Ukrainians continued to spill into Poland, Romania, Slovakia and elsewhere. U.N. High Commissioner for Refugees Filippo Grandi said more than 1.5 million people had fled in the fastest growing refugee crisis in Europe since World War Two.
The agency has said the number could hit 4 million by July.
"We don't want to leave Ukraine - we love it," said Olha Kucher, director of the Zaporizhzhia Central Christian Orphanage, speaking in the western Ukrainian city of Lviv as she evacuated children. "But unfortunately we must leave."
International mediation efforts have continued, although there has been no sign of progress towards halting the conflict.
Turkish President Tayyip Erdogan spoke by phone with Russian President Vladimir Putin on Sunday, Russia's RIA news agency reported, without giving details.
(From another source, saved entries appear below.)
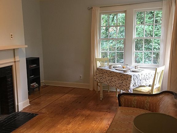 This apartment is located centrally to Fayetteville/Fort Bragg, Raleigh and Chapel Hill/Durham. Within walking distance of downtown including coffee shops, dinning, library and local brewery's. It is located in a quiet neighborhood with a spacious private backyard with gardening beds, a rare find for apartment living. Newly renovated bathroom with brand new sink, toilet, flooring and shower/bath. Plenty of windows bring natural light into the space. The second bedroom could make a great office space. Kitchen has an oven with electric stovetop, fridge, microwave, large farmhouse sink and washer/dryer is included in rental. Owner pays trash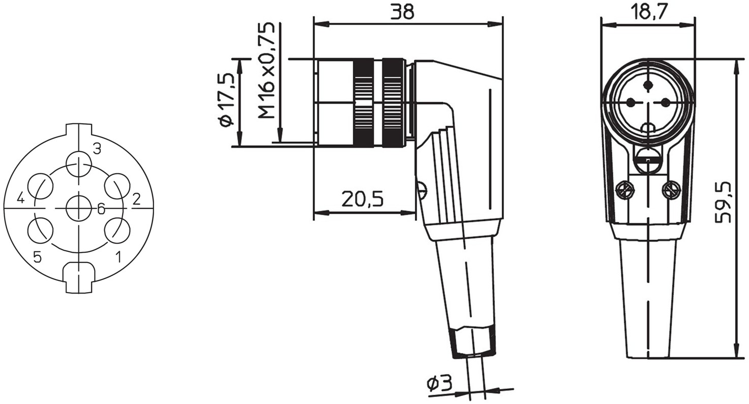 מחבר תעשייתי DIN SV - נקבה זוויתי להלחמה לכבל - 6 מגעים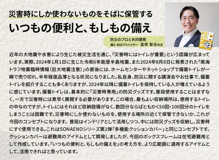 - 備え・防災アドバイザー高荷智也さん自らが欲しかった製品を共同開発!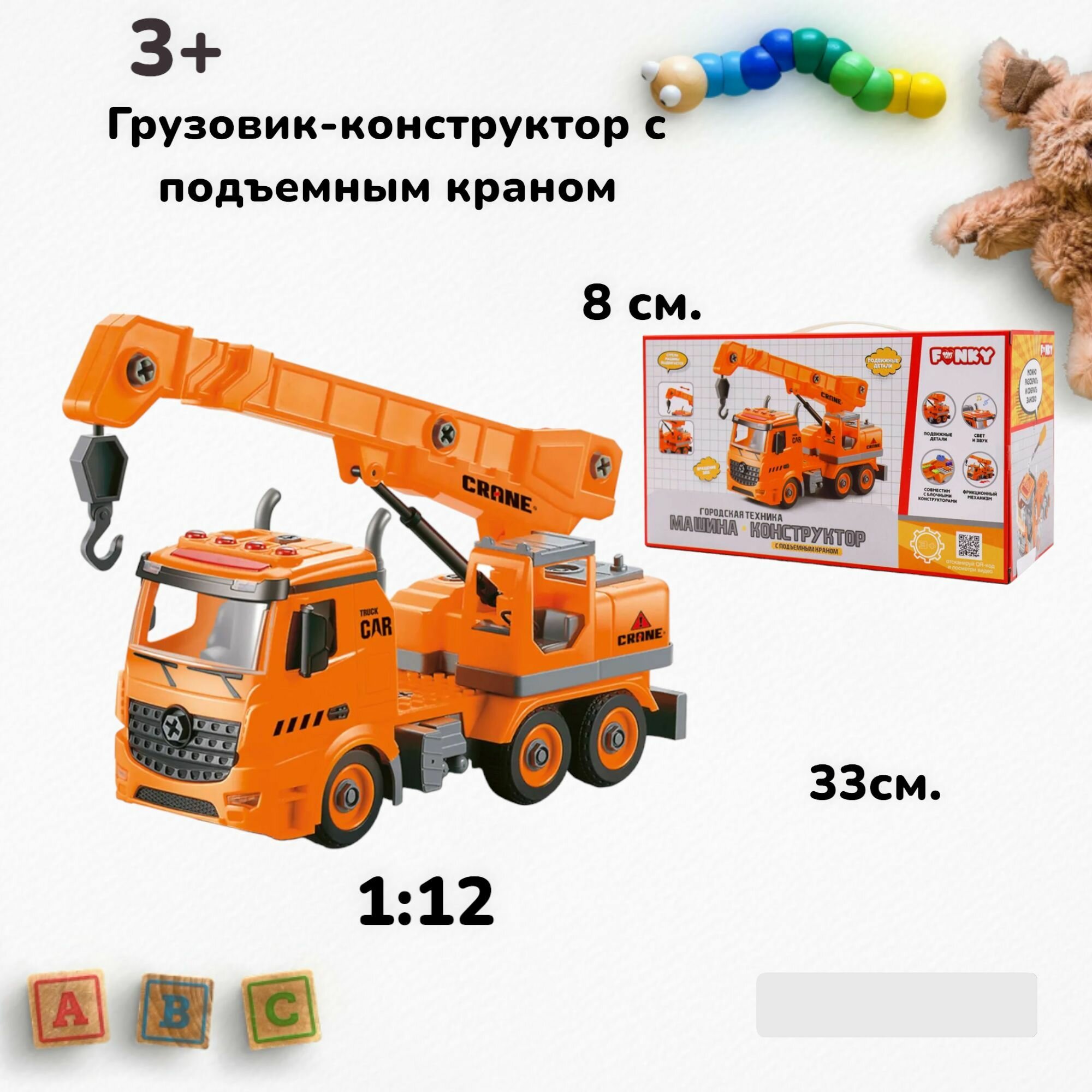 Модель: Грузовик-конструктор с подъемным краном, фрикционный, свет, звук, 1:12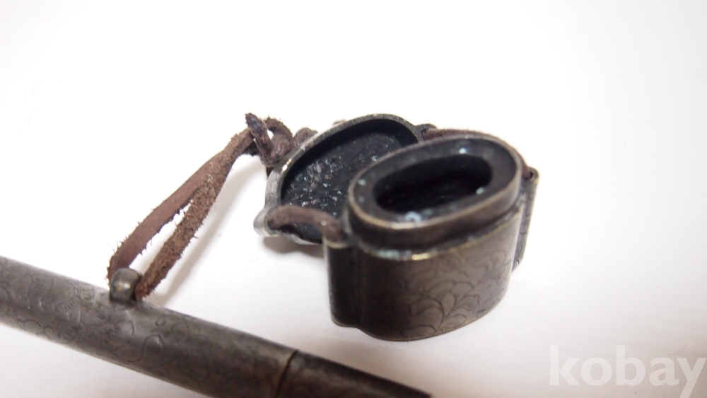 상품 설명 | 일정시대 고위 관리들이 사용했던 초화문 음각 휴대용 동 붓통과 먹통 세트입니다. | ||

Israeli Prime Minister Naftali Bennett met Putin on Saturday and also spoke to Zelenskiy.
British military intelligence said on Sunday that Russian forces were targeting populated areas in Ukraine, comparing the tactics to those Russia used in Chechnya in 1999 and Syria in 2016. But it said Ukrainian resistance was slowing the advance.
Putin says he wants a "demilitarised", "denazified" and neutral Ukraine and on Saturday likened Western sanctions "to a declaration of war".
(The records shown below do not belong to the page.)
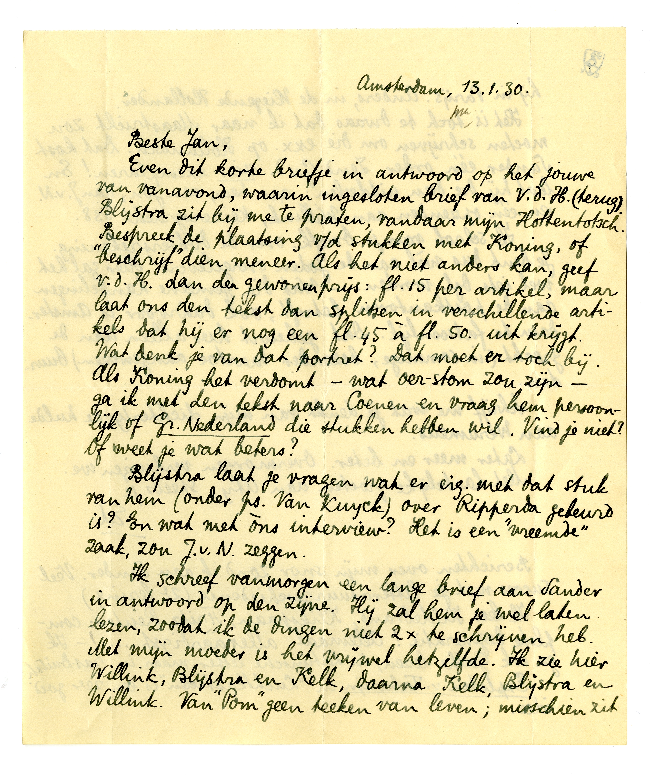 Even dit korte briefje in antwoord op het jouwe van vanavond, waarin ingesloten brief van V.d.H. (terug). Blijstra zit bij me te praten, vandaar mijn Hottentotsch. Bespreek de plaatsing v/d stukken825 met Koning, of ‘beschrijf’ dien meneer. Als het niet anders kan, geef v.d.H. dan den gewonen pijs: f. 15 per artikel, maar laat ons den tekst dan splitsen in verschillende artikels dat hij er nog een fl. 45 à fl. 50 uit krijgt. Wat denk je van dat portret? Dat moet er toch bij. Als Koning het verdomt - wat oer-stom zou zijn - ga ik met den tekst naar Coenen826 en vraag hem persoonlijk of Gr. Nederland die stukken hebben wil. Vind je niet? Of weet je wat beters?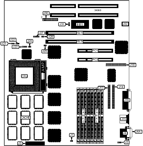 | Note: Board can be installed with either 1MB or 2MB of |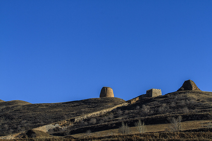 这里的长城与众不同,大同境内的堡子多以方形土堆为主,老牛湾附近的堡子多以梯形土堆为主,而北堡的长城多以圆珠形土堆为主,而这三种土堆在这里都能看到。

The West, which calls Putin's reasons for invading baseless, has ratcheted up sanctions and scaled up effort to rearm Ukraine, sending in items ranging from Stinger missiles to anti-tank weapons.
But Washington and its NATO allies have resisted Ukraine's appeals for a no-fly zone for fear that it would escalate the conflict beyond Ukraine's borders.
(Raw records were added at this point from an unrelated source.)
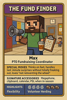 Name + Role (Subheading): Max, PTO Fundraising Coordinator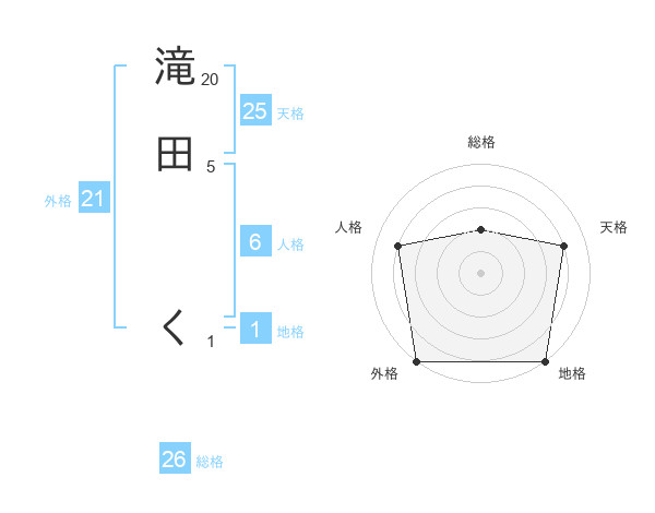 滝田 くさんの天格は25画の4点!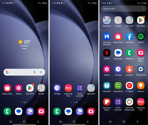 Il est possible de faire un lien avec un ordinateur sous Windows. Plusieurs applications sont préinstallées dont celles de Microsoft (Office, OneDrive, LinkedIn et Outlook) et celles de Google. Facebook, Spotify et Netflix font aussi partie des applications que l’on trouve immédiatement lors de la première utilisation du smartphone. Comme sur les autres modèles de la marque, Samsung propose également ses applications dont SmartThings, Samsung Health, Samsung Pay, Bixby, AR Zone, Samsung TV Plus ou encore Smart Switch pour passer rapidement d’un mobile à un autre en y copiant les données.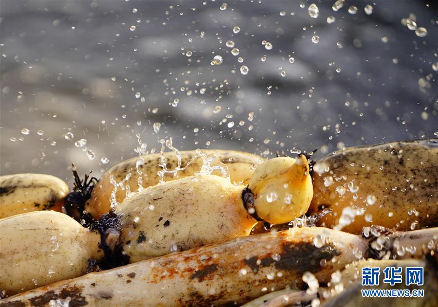 11月18日拍攝的蓮藕。初冬時節(jié),河北省唐山市曹妃甸蓮藕豐收,工人們在結(jié)冰之前忙著采收蓮藕。新華社記者邢廣利攝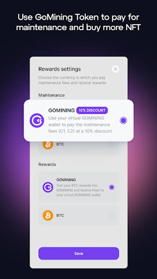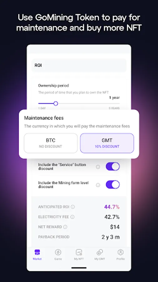 Our discount system will also help you increase your payouts. Just use GoMining tokens to pay for gaming functions and NFT maintenance, and your final mining rewards can grow up to 30%.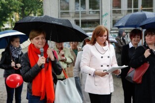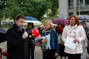 W setną rocznicę przyłączenia Stogów do Gdańska uroczyście otworzono nowe przyszkolene boisko. Szkoła Podstawowa nr 11 przy ul. Stryjewskiego 28. Nz. przemawia Katarzyna Dudzin Grupa EDF.
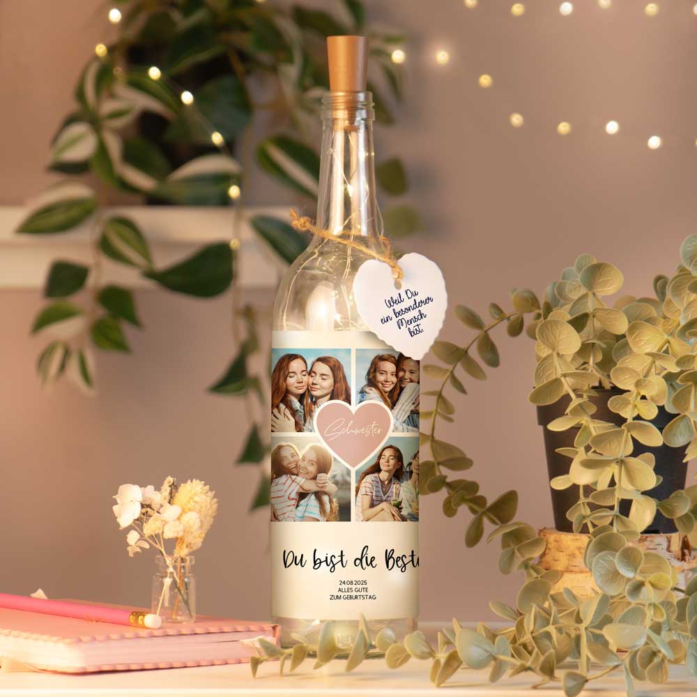 Erstelle deine eigene ganz persönliche „Fotocollage #2“ Lichterflasche und verschenke sie als unglaublich tolles Geschenk. Unsere Deko-Flasche ist mit einer Lichterkette sowie mit einem weißen Papier-Herz mit Kordel veredelt. Auf das Papierherzchen kannst du nochmals eine persönliche Widmung schreiben. Bei Dunkelheit spendet die galante Flasche ein warmes Licht und sorgt für ein angenehmes Wohlgefühl.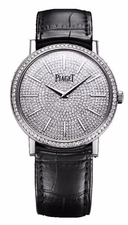 Model: G0A36129 - CASE = [Material:18kt White Gold], [Case Diameter:38], [Case Thickness:6.4mm], [Bezel:Diamonds], [Water Resistant:30 Meters - 100 Feet], [Crystal:Scratch Resistant Sapphire],; DIAL = [Color:Diamonds],; MOVEMENT = [Type:Manual Wind],; BAND = [Clasp:Tang], [Type:Black Alligator Leather], (Usually ships in 1 to 2 weeks.)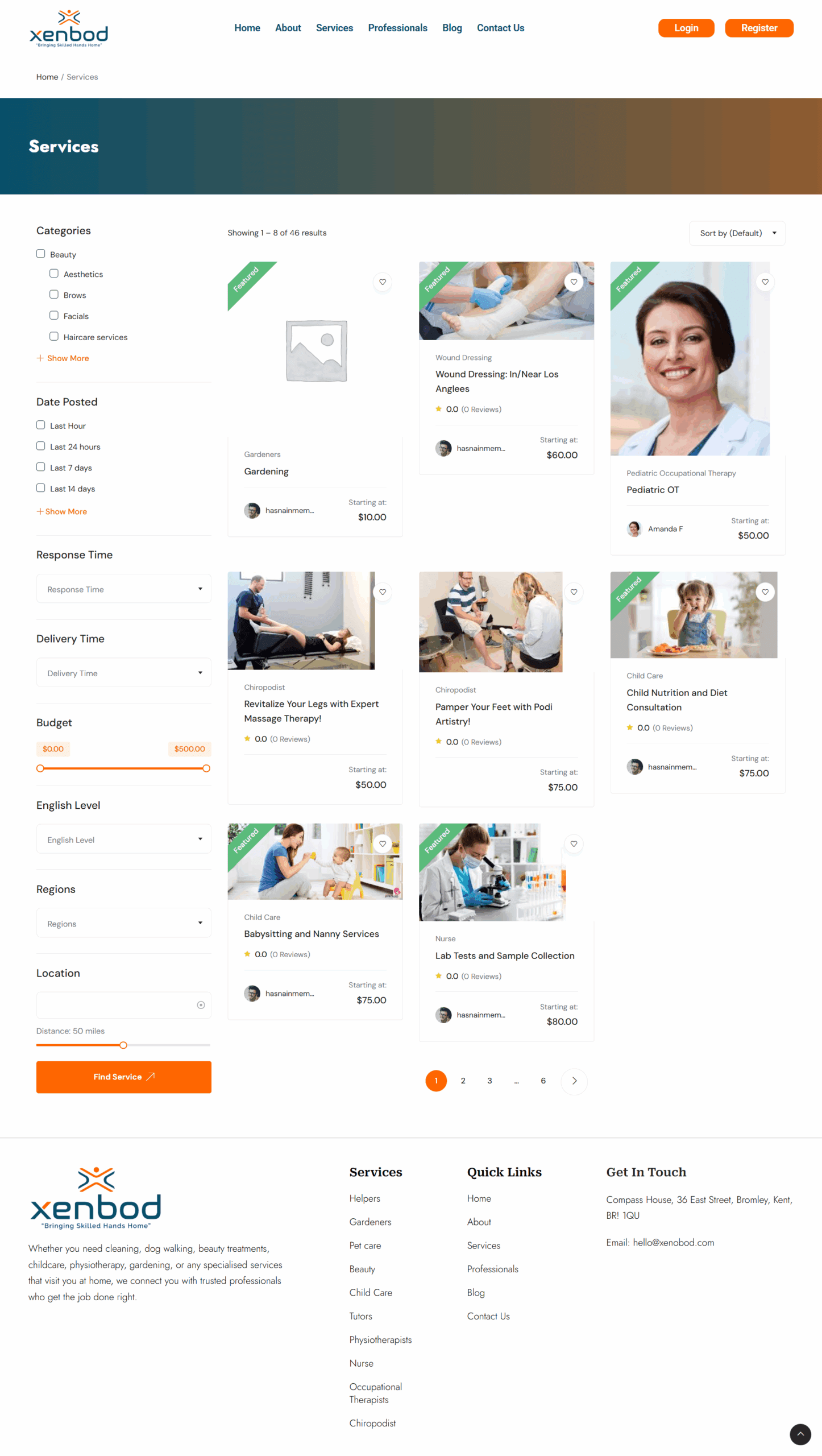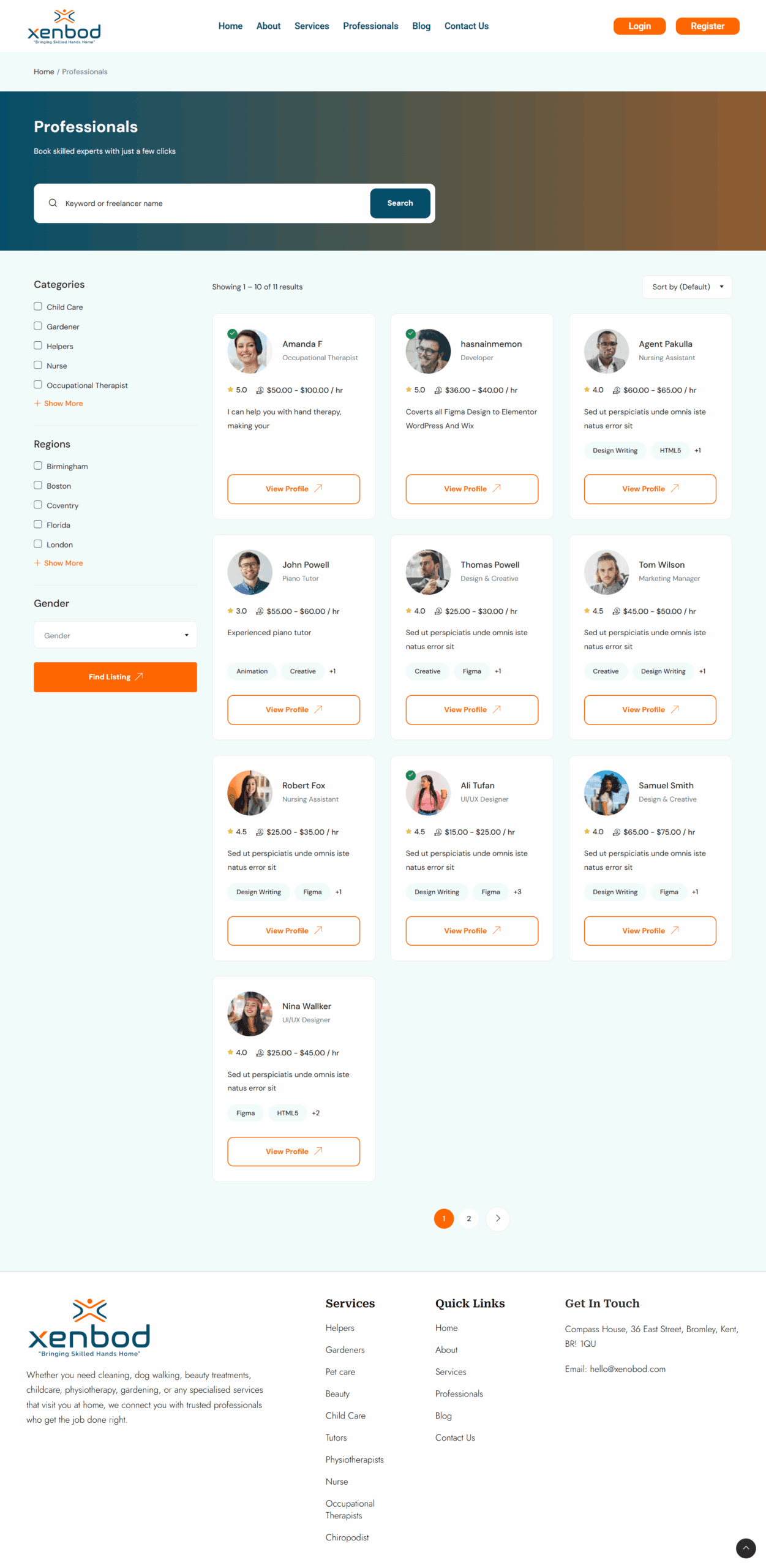 Xenbod is a dynamic freelance marketplace designed to connect service providers with clients seeking assistance in various domains, including dog walking, child care, cleaning, repairs, gardening, and more. Our team developed a user-friendly platform that enables freelancers to showcase their skills and clients to find reliable services efficiently. The website offers seamless navigation, intuitive user interfaces, and robust functionalities to support both service providers and seekers.

Western sanctions have pushed many companies to exit investments in Russia, while some Russian banks have been shut out of a global financial payment systems, driving down the rouble and forcing Moscow to jack up interest rates.
Tightening the screws further, U.S. payment companies Visa Inc and MasterCard Inc said they would suspend credit card operations in Russia.
Ukraine's military said more than 11,000 Russian troops had been killed so far and 88 Russian aircraft shot down since the start of the invasion. Reuters could not corroborate the claim. Russia has not given regular updates on how many troops have been killed.
More than 350 civilians have been killed, according to the U.N. rights office on Saturday, with hundreds more injured.
Demonstrations were planned on Sunday in Washington and elsewhere after jailed Kremlin critic Alexei Navalny called for worldwide protests on March 6 against the war.
Hundreds of people were detained in anti-war protests in 21 cities across Russia, according to an independent Russian-based protest monitor.